Three US service members killed in Afghanistan roadside bombing

"Sgt. Jasso was killed defending our nation, fighting al-Qaida alongside our Afghan partners", Gen. Scott Miller, the top US and North Atlantic Treaty Organisation commander in Afghanistan, said in a statement.

It's the deadliest attack on US soldiers in the country in the past year.

General Scott Miller, the top U.S. and North Atlantic Treaty Organisation commander in Afghanistan, said Jasso was killed "defending our nation, fighting al Qaeda alongside our Afghan partners".

Meanwhile, a rash of American combat deaths in Afghanistan is putting a spotlight on a stalemated 17-year war that is testing President Donald Trump's commitment to pursuing peace with the Taliban.

Interior Ministry deputy spokesman Nasrat Rahimi said casualties were "not known".

The attack came hours after provincial officials said at least 30 civilians were killed along with 16 Taliban fighters during an overnight battle between Afghan government forces and insurgents in southern Helmand province.

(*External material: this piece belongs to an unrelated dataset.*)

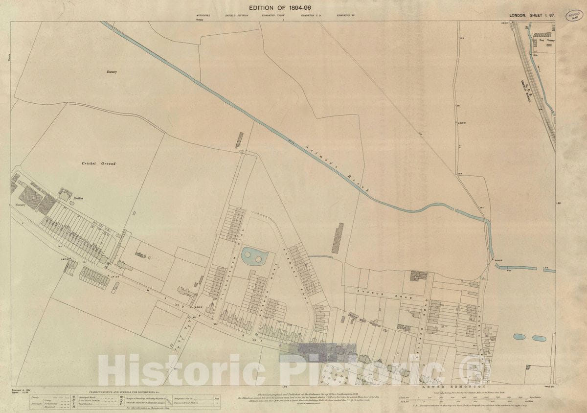 Historic Map : Ordnance Survey Maps, London, Five feet to The Mile. London Sheet I.67, 1895 City Atlas - Vintage Wall Art

Kabul police spokesman Basir Mujahid said at least six wounded people had been evacuated from the site, but could not confirm their nationality.

The city, which sits on the main highway linking the capital Kabul with Kandahar in the south, was overrun this year by a large Taliban force before it was driven off by Afghan and US troops after days of heavy fighting.

There was no immediate claim for the attack.

The Taliban, emboldened by its successes in Ghazni and the surrounding provinces, then launched an assault on the districts of Jaghuri and Malistan.

The Taliban routinely reports on its operations in Ghazni on its official propaganda website.

Taliban militants said they carried out the attack, their latest near the strategic city south of the capital.

In recent years both the United States and North Atlantic Treaty Organisation have pulled their forces away from direct combat, instead focusing on providing advice and assistance to Afghan security forces. Earlier this month, US Gen. Scott Miller, the head of US and North Atlantic Treaty Organisation forces in Afghanistan who survived an October firefight in Kandahar, was photographed carrying a fully loaded M4 carbine assault rifle while visiting the Ghazni area.